Breaking Bad and Car Crash TV

Originally published in print September 2020. 

Spoilers ahead for season two of Breaking Bad. 

A car crash is a great cliff-hanger for your season finale. Castle, Grey’s Anatomy, The Vampire Diaries, and a million other shows have used this trope in the past. It allows showrunners to shock viewers without having to come up with something new, getting them invested in watching the next season to see who survives. It also gives the writers easy story hooks for the next season: maybe somebody gets addicted to the pain medication they’ve been taking after the crash, maybe a couple gets together after they realise just how suddenly everything can change, or maybe a character who feels responsible for the crash goes off the rails. A car accident can happen at any time, so no matter what your characters have got up to in the rest of the season, you can throw one in.

Season two of Breaking Bad took the crash trope to a new level, and I don’t just mean thousands of feet in the air. The plane crash had been foreshadowed since the beginning of the season, where due to the black and white filter our eyes were drawn to the pink teddy bear floating in Walt’s (Bryan Cranston) pool while a number of police sirens sounded in the distance. Specifically, the first thing we see floating in the pool is an eye. That could have been the end of the stinger, screaming at us “well, whose is it?!”, but instead the camera pans down to underneath the water, where the bear, missing an eye, is revealed. I’ve never been a fan of this specific kind of in medias res opening, where you start in the middle of the action and then flash back to where it all began, knowing what’s going to happen but not how. I’m not saying that they can’t be well utilised, I just think they are often a symbol of lazy writers who can’t keep you engaged in a series without constantly reminding you that you don’t need to worry, something really interesting will happen eventually. 

That’s not what we saw in season two of Breaking Bad. In this season Jesse (Aaron Paul) and Walt begin to grow their meth business with the help of amoral lawyer Saul (Bob Odenkirk), while Hank (Dean Norris) becomes traumatised through his dangerous work with the DEA and Skyler (Anna Gunn) gets involved in a money laundering operation. Conflicts that play out over the course of an episode, such as when Walt and Jesse get stranded in the desert, never feel like filler, which would otherwise make the season a joy to watch, without the constant reminders of what’s to come. At the beginning of multiple season two episodes we see this opening scene expanded upon, with people in hazmat suits bagging and tagging what seem to be random objects floating in the pool, photographing Walt’s shattered windshield, and removing two body bags from the driveway. The opening of the finale reveals that Walt’s home isn’t the only one being searched for evidence – there are people in hazmats all over the neighbourhood, and two pillars of black smoke are drifting up from nearby houses. They could have shown this dramatic scene from the beginning, but instead they build up to it. 
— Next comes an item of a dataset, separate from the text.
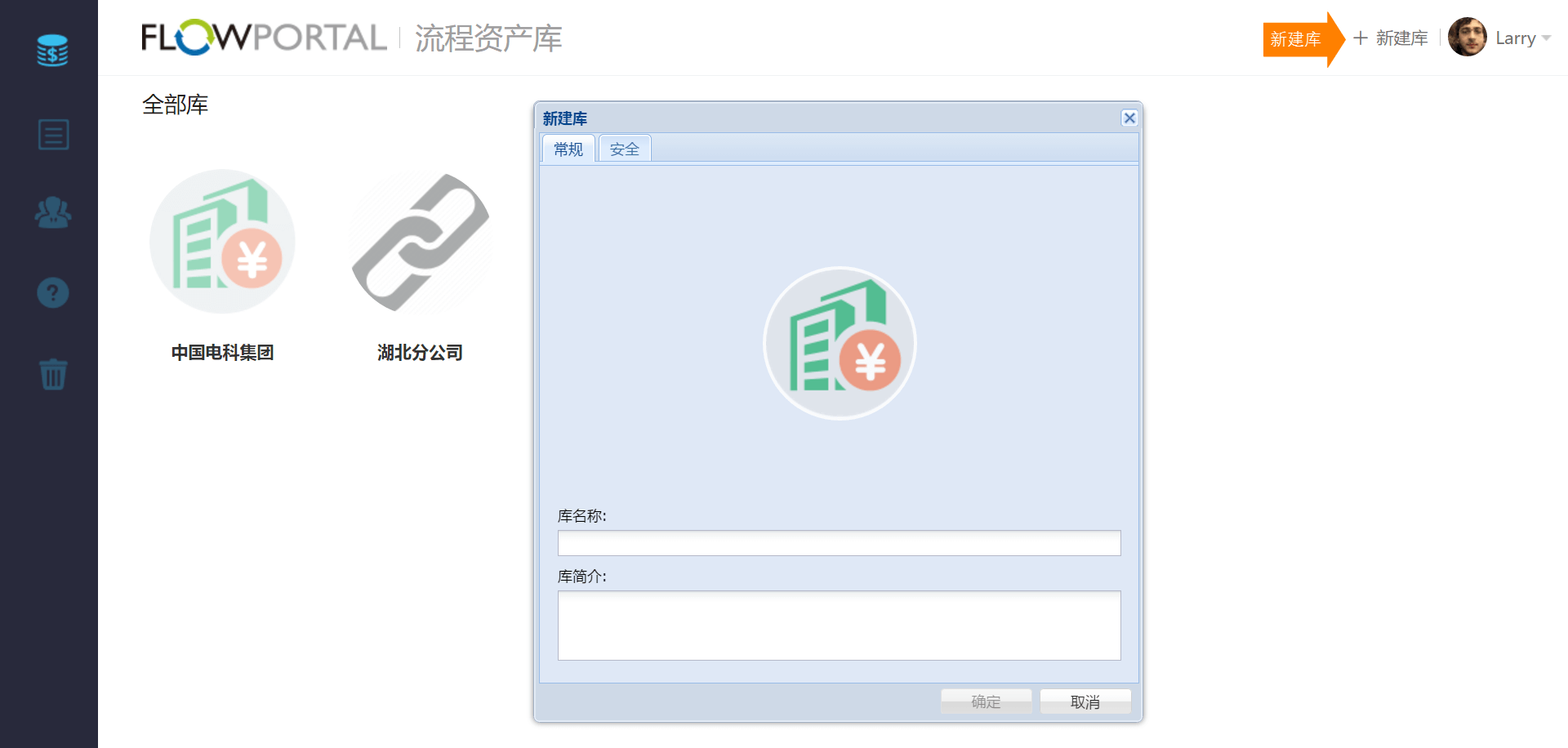进入【流程资产库】界面,点击【新建库】按钮,打开新建库窗口,根据文字提示完成流程库创建。

This build up is why I think these hints at what’s coming work so well. This crash is not an accident, a fluke or even the result of one bad decision.The writers want to remind us that throughout the season Walt is always moving towards this outcome. Again and again Walt makes decisions that hurt others in service of himself, and the writers want to make it clear that every time he did this he became closer to the man who would eventually let his partner’s girlfriend die,resulting in her grief-stricken air traffic controller father letting two planes crash. It all happens right after Skyler discovers that Walt has been cooking meth, further emphasising his connection to the crash. Breaking Bad is not a show averse to blood or gore, which is why the finale’s sedate explosion, especially when compared to the car crash trope, is so effective. After all that build up, Walt looks up to see a far off explosion, and watches puzzled as the bear from the first episode falls into his pool. The episode then ends before anything else hits the ground. Usually, we delight in the carnage of a scene like this: the mangled vehicle, survivors calling out for their loved ones, sparks flying from a machine being used to cut someone out of the wreckage. But here, we don’t need to see anything else. We don’t need a spectacle to marvel at; we have great writing.

Breaking Bad’s season two finale took a popular, if slightly stale, trope and breathed new life into it, the writers adapting it to fit the story they were telling. The story of Walter White will live on, and it’s not just because of masterful season finales like this one, but because of the show’s consistently high quality.